Proton-Coupled Electron Transfer (PCET); Spectral and Kinetic Transient Absorption Analysis of Acridine Orange with Tri-Tert-Butylphenol
Understanding fundamental photo-induced proton-coupled electron transfer (PCET) reactions of small molecules is central to research ranging from solar fuels, biological signalling, and organic electronics. By combining spectral and kinetic information of the photo-generated excited states and radical species present, researchers are able to elucidate the PCET reaction mechanisms involved in these applications. The Edinburgh Instruments LP Transient Absorption Spectrometer is the world’s only commercial system capable of recording instantaneous spectral information utilising an ICCD camera, while then easily being able to switch to measuring kinetic data on a PMT detector – all under software control. It was used to carry out the research in this application note.
Researchers at the University of North Carolina, Chapel Hill, in the lab of Prof. Jillian L. Dempsey, have utilised an Edinburgh Instruments LP laser flash photolysis spectrometer equipped with an ICCD camera and PMT detector to record the spectral and kinetic PCET reaction mechanisms of a famous fluorophore, acridine orange (AO), with tri-tert-butylphenol (ttbPhOH) (J. Am. Chem.

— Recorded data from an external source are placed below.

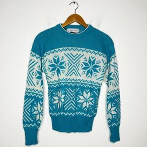 VTG long sleeved knit sweater in a bright colorful blue and white winter snowflake pattern. Ribbed at neckline, cuffs, and hemline with a thin white stripe.
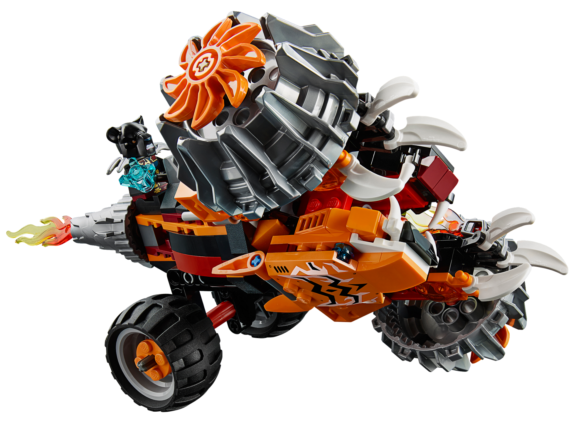 | 1 X Plate, Modified 1 x 4 with 2 Studs with Silver Vent and Red and Yellow Flame on Trans-Clear Background Pattern Model Left Side (Sticker) - Set 70222 | Black |   |  |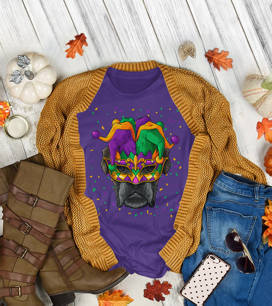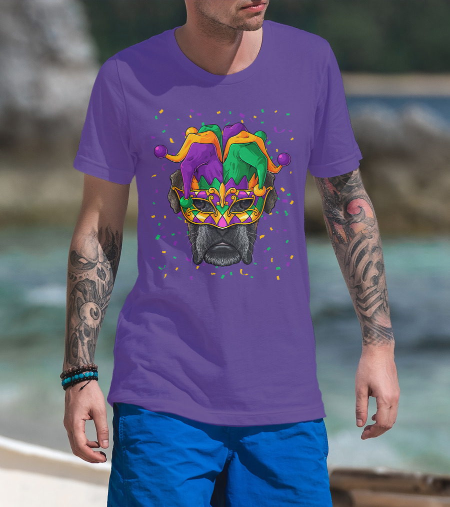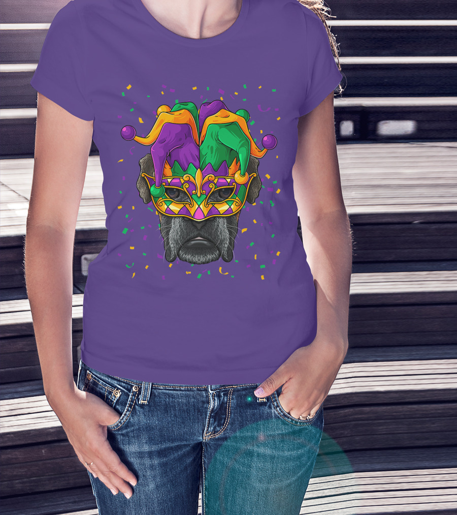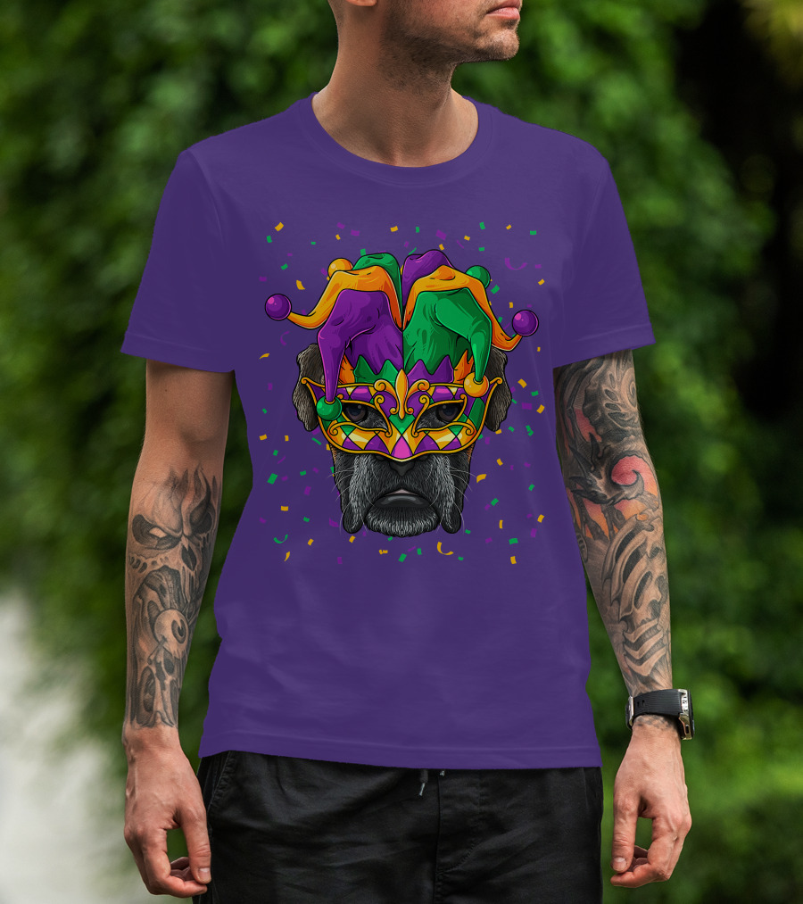 Carnival King Boxer Dog Wearing Jester Mask With Confetti T-Shirt

Soc. 2014, 136, 12221-12224).
Acridine orange is well known for its ability to stain DNA and RNA in cellular imaging, however, it also posses efficient intersystem crossing and a long-lived triplet state with a well defined radical cation; ideal for monitoring photo-induced PCET reactions. Phenols, such as tri-tert-butylphenol, have long been studied given their close resemblance to tyrosine and its importance in photosystem II solar harvesting, making this a perfect combination for fundamental photochemistry studies.

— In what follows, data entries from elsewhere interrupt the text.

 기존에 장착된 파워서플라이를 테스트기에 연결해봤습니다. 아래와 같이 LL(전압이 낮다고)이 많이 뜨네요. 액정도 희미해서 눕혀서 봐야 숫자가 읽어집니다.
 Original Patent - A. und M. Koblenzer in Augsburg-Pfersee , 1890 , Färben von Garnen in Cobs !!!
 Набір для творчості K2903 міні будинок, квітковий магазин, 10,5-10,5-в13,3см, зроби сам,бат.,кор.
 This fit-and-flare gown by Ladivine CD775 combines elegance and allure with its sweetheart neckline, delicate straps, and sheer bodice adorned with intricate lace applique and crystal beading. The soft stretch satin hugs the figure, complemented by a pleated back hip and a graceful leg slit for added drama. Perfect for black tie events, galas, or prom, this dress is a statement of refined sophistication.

The defined spectral features (Figure 3) of each species during the PCET reaction with acridine orange is easily recorded using the ICCD camera, even noting the bathochromic shift from the triplet excited state (3AO) at 410 nm to the neutral acridine radical (AOH*) at 425 nm. Further concentration studies show drastic changes in lifetime, with increased tritert-butylphenol (ttbPhOH) quenching the triplet acridine orange excited state (Figure 4).

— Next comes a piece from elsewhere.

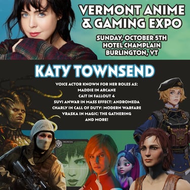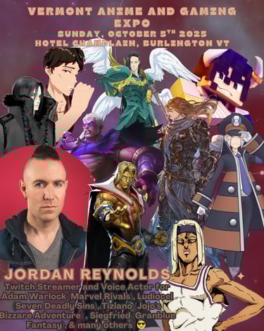 Don't Miss the very first Vermont Anime and Gaming Expo near beautiful Lake Champlain for a jam packed day of all things anime and gaming! Meet fellow fans, discover new video games and board games, participate in our Super Awesome Scavenger Hunt to win BIG prizes, collect Rare Loot, try your skill at the cosplay contest and karaoke room, and experience unforgettable moments with voice actors from your favorite series. Don't miss out on being part of our Origin Story!

Utilising model compounds with distinguishable transient spectral features facilitates fundamental understandings of PCET events that could benefit new device designs for solar harvesting and better insights into biological signalling. The Edinburgh Instruments LP980 Spectrometer, with both ICCD spectral and PMT kinetic detectors is impeccably suited for these measurements, among many more.